The moment this contribution crosses the Rs 2.5-lakh mark, the excess contribution every month and applicable interest will shift to the taxable account. And, interest earned on this component will attract tax. The EPFO will deduct tax at the rate of 10 percent before crediting the interest if you have furnished your PAN. If you haven’t, tax will be deducted at double the rate (see illustration provided by EPFO below).
How will withdrawals be accounted for? What will be the tax implications?

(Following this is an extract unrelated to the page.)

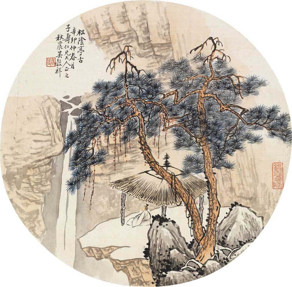 清松阴亭古团扇片山水画团扇仿古画册页复制品书房卧室挂画装饰画
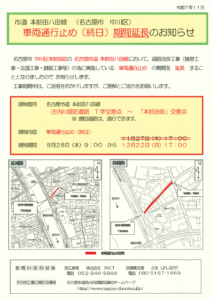 名古屋市道 本前田八田線において道路工事による車両通行止め期間を延長することになりましたのでお知らせします。

Let’s say an employee contributing Rs 30,000 per month decides to make a withdrawal of Rs 2.75 lakh at the end of January. Therefore, until then she would have contributed a total of Rs 3 lakh (see EPFO’s table below). In such a case, the deduction will be first effected in the taxable account, so as to ensure that the tax impact is lighter for employees. “So, the withdrawal would first be made from the taxable account, and only after that is exhausted will the non-taxable account be tapped,” says Preeti Chandrashekhar, India Business Leader, Health and Wealth, Mercer India. So, in the illustration below, taxable and non-taxable accounts have balances of Rs 50,000 and Rs 2,50,000, respectively, in January. “So, if you withdraw Rs 2,75,000, it would first get deducted from the taxable account that has only Rs 50,000 as balance. The remaining Rs 2.25 lakh will be withdrawn from the non-taxable account,” she explains.

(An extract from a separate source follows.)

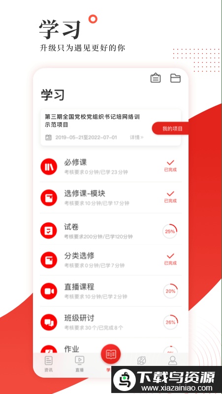 3.学习:进入该板块可参与已报名的培训项目,并完成课程学习与相应的考核环节。
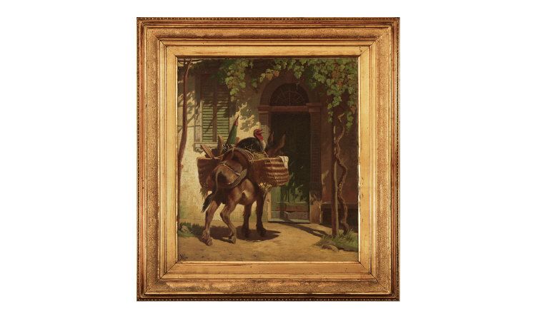 Italian courtyard with a donkey with two paniers on the donkey

So, it’s the EPFO’s responsibility to split my contribution into taxable and non-taxable components and deduct tax. Will I have to take any action at my end while filing my income tax returns?

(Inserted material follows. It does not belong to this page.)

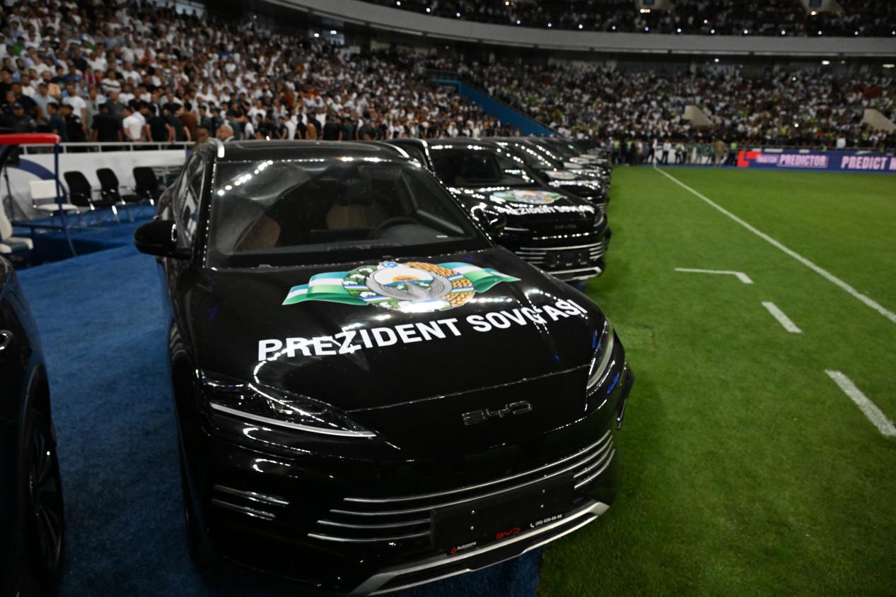 此次赠予乌兹别克斯坦国家足球队的宋 PLUS DM-i 冠军版与BYD CHAZOR(驱逐舰05)车型,不仅象征着绿茵场荣耀与绿色出行的时代交汇,更以「技术 + 本地化」双轮驱动,用技术打造品牌战略,构建起品牌自豪感与创新科技的连接纽带。其中,宋 PLUS DM-i 冠军版以「强性能低排放」的产品特质,成为冠军之师的匹配之选,充分展现产品硬核实力。
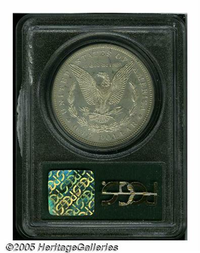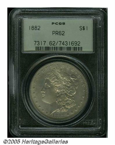 <B>1882<S$1> PR62 PCGS.</B></I> A thin layer of golden-gray patina overlays each side, and a slightly darker gold toning streak runs vertically at the front of Liberty's cheek. There is some field to device contrast, but the surfaces overall are a bit subdued. The design elements are exquisitely struck throughout, and there are no mentionable abrasions. A few wispy hairlines are visible under magnification.

Yes, you will have to be mindful of an additional task that you have to complete at the time of filing returns. “The EPFO will withhold TDS at the rate of 10 percent. However, you will have to calculate the total tax payable on the basis of the tax bracket you fall into. It is likely that you will have to pay additional tax on this amount at the time of filing returns,” says Prableen Bajpai, Founder, Finfix Research and Analytics. The process will be similar to how interest earned on bank fixed deposits, for example, which fall under ‘Income from other sources’, is taxed. “You will have to pay tax on an accrued basis, as per the slab rate applicable to you. Since the EPFO will withhold TDS, it will reflect in the annual information statement and will also be pre-populated in the income tax return forms. Not paying taxes at the time of filing returns could lead to queries from the income tax department,” says chartered accountant Karan Batra, Founder, Chartered Club. For those who have not furnished their permanent account number (PAN), the TDS rate will be much higher at 20 percent. For non-resident employees, the TDS rate will be 30 percent.